I think it could be also helpful if you can summarize leetcode python questions in basic algorithm which are good for data scientists to prepare for technical interviews. Some of the companies do ask basic algorithm questions during coding interviews.
SUM(col) OVER (ORDER BY date ROWS BETWEEN 4 PRECEDING and CURRENT ROW) is an easy way to calculate a rolling sum. Useful in problems like the last one you showed.
Hi Emma! Good video overall. One small mistake in the Data Categorization section. '[10-15>' is tricky here since the above code won't return the answer as 0. Because we cannot case when something does not exist in the table. To do this, we might want to union all to consider 0 as the case.
Hello Emma, For the Categorization problem here is my solving method. 1) I create the table that I going to use fo the join DROP TABLE IF EXISTS bins_value CREATE TABLE bins_value ( bin_name varchar(20) ) INSERT INTO bins_value VALUES ('[0-5>'), ('[5-10>'), ('[10-15>'), ('[15-20>'), ('20 ans more') 2) The query to the problem WITH BINS as( SELECT CASE WHEN duration >= 0 and duration < 5 THEN '[0-5>' WHEN duration >= 5 and duration < 10 THEN '[5-10>' WHEN duration >= 10 and duration < 15 THEN '[10-15>' WHEN duration >=15 and duration < 20 THEN '[15-20>' ELSE '20 ans more' END as bin FROM SESSIONS ) SELECT a.bin_name, ISNULL(b.total,0) T_total FROM (SELECT bin, COUNT(*) total FROM BINS GROUP BY bin) as b right join bins_value as a on b.bin = a.bin_name
Hi Emma!
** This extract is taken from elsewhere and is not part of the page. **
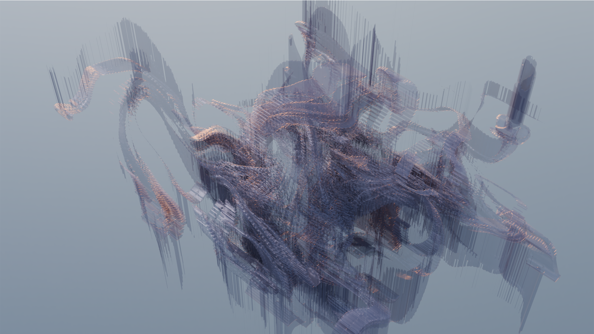 In this project I generate a 3D organic form using procedural modeling, then render selected 2D views with different lighting and materials. I am mostly interested in the 2D abstract textures I can generate from this process rather than the 3D sculpture itself. This is the outcome of an online class given by Chantal Matar from Zaha Hadid Architects [13].

A very good video. But I think games_played_so_far will not show the running total. It will show total games played by some one on certain date. Reason: 1st Step: Join two tables 2nd Step: Extract rows using where clause (it would return rows from the derived/joined table and WILL EXECUTE ONLY ONCE in query for all the rows where a.event_date is either greater or equat to b.event_date) 3rd Step: Grouping data according to a.player_id, a.event_date 4th Step: Selecting a.player_id, a.event_date and SUM(b.games_played). Here summation gives the total number of games played by a player on certain date. So far as I know we do not need WHERE clause here. I think the condition should be changed in ON clause and it should be a.event_date >= b.event_date. I may be wrong. Please guide if I am.
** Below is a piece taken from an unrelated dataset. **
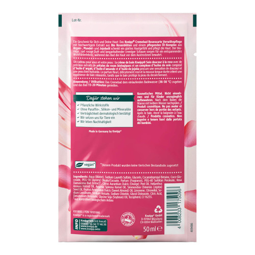 Ein Geschenk für Dich und Deine Haut: Das Kneipp® Cremebad Rosenzarte Verwöhnpflege mit hochwertigem Extrakt aus Bio Rosenblüten und einem pflegenden Öl-Komplex aus Argan-, Mandel- und Jojobaöl schenkt ein glattes Hautgefühl und pflegt die Haut. Der blumige, zart rosige Duft und langanhaltender cremiger Schaum sorgen für ein entspannendes Wohlfühlerlebnis, während das Bad die Haut vor dem Austrocknen bewahrt.

One suggestion for the first order question: the "first_order" table technically doesn't only reflect customers' first orders. consider, for example, a customer whose first order is placed on 1/1/2022 for delivery on 1/2/2022, and then in their second order they place it also on 1/1/2022 but this one is in fact an immediate delivery (for 1/1/2022). they'll show up now in your first query, but their first order was not, in fact, an immediate order (their second order was).
For Data Categorization, can you show me how to Left join to get the missing bin? I checked around and everyone uses a union to satisfy that condition.
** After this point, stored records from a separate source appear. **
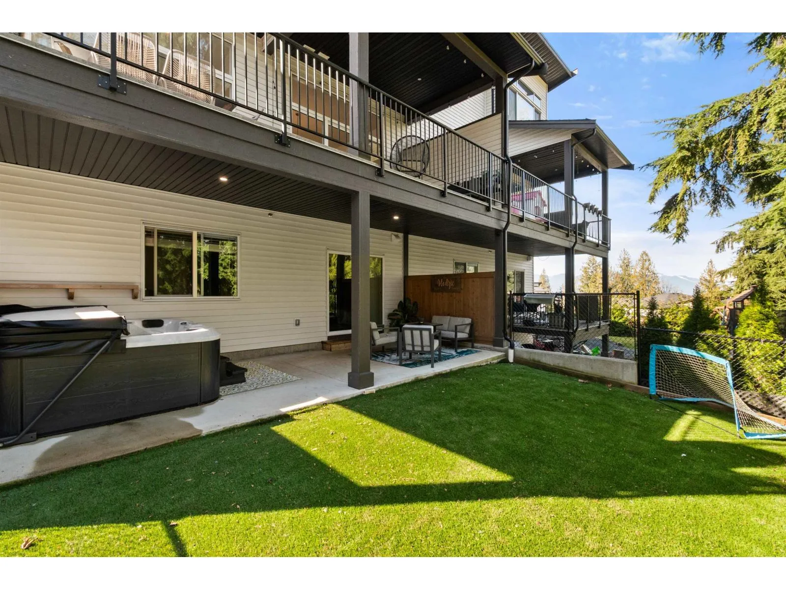 Welcome to this 5 bed, 4 bath 1/2 duplex tucked away on a quiet cul-de-sac in a family-friendly neighbourhood with NO strata fees or rules. Bright, spacious open concept kitchen perfect for entertaining. Primary bedroom features his & hers closets with large ensuite. Backing onto greenbelt for ultimate privacy with one of the largest fenced yards, a deck, hot tub, pool, shed and rope swing. Separate entrance to lower level and plumbed for a future suite, offering great income potential. Large crawl space for storage needs. Epoxy garage flooring with 240V plug completes the package. BOOK YOUR SHOWING TODAY!! (id:27476)
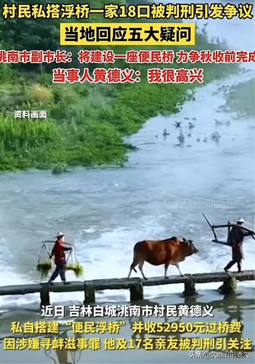 近日,吉林省白城洮南市瓦房镇振林村村民私自建桥被判刑的消息引发关注。村民黄德义组织家人在洮儿河上搭建浮桥,收费4年。2018年,当地水利局以非法建桥为由处罚并强制黄德义拆除浮桥。2019年,黄德义被洮南市人民法院一审判处有期徒刑两年,缓刑两年,其他17名亲属也分别被判刑。2023年7月8日,此案迎来新进展。吉林省白城市中级人民法院发布通报称,黄德义因对此前判决不服提出申诉,今年6月29日,该院依法定程序对该案立案,目前正在审查中。
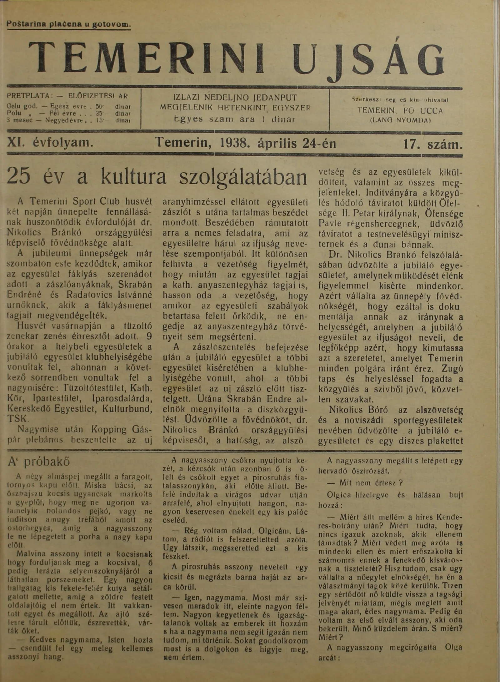 Temerini Újság 1928-1944, 11. évf. 1938. április 24. 17. sz.

Hello try this : 1) First create your session table : DROP TABLE IF EXISTS SESSIONS CREATE TABLE SESSIONS ( session_id int, duration int ) INSERT INTO SESSIONS VALUES (1, 30), (2, 199), (3, 299), (4, 580), (5, 1000), (6, 2), (7, 10), (8,5) 2) Create the table to show all the bins even the ones with no values DROP TABLE IF EXISTS bins_value CREATE TABLE bins_value ( bin_name varchar(20) ) INSERT INTO bins_value VALUES ('[0-5>'), ('[5-10>'), ('[10-15>'), ('[15-20>'), ('20 ans more') 3) Answer to the question WITH BINS as( SELECT CASE WHEN duration >= 0 and duration < 5 THEN '[0-5>' WHEN duration >= 5 and duration < 10 THEN '[5-10>' WHEN duration>= 10 and duration < 15 THEN '[10-15>' WHEN duration>=15 and duration < 20 THEN '[15-20>' ELSE '20 ans more' END as bin FROM SESSIONS ) SELECT a.bin_name, ISNULL(b.total,0) T_total FROM (SELECT bin, COUNT(*) total FROM BINS GROUP BY bin) as b right join bins_value as a on b.bin = a.bin_name I use the platform Microsoft SQL SERVER, just copy and paste you will have the answer, later on understand the steps. Hope it helps.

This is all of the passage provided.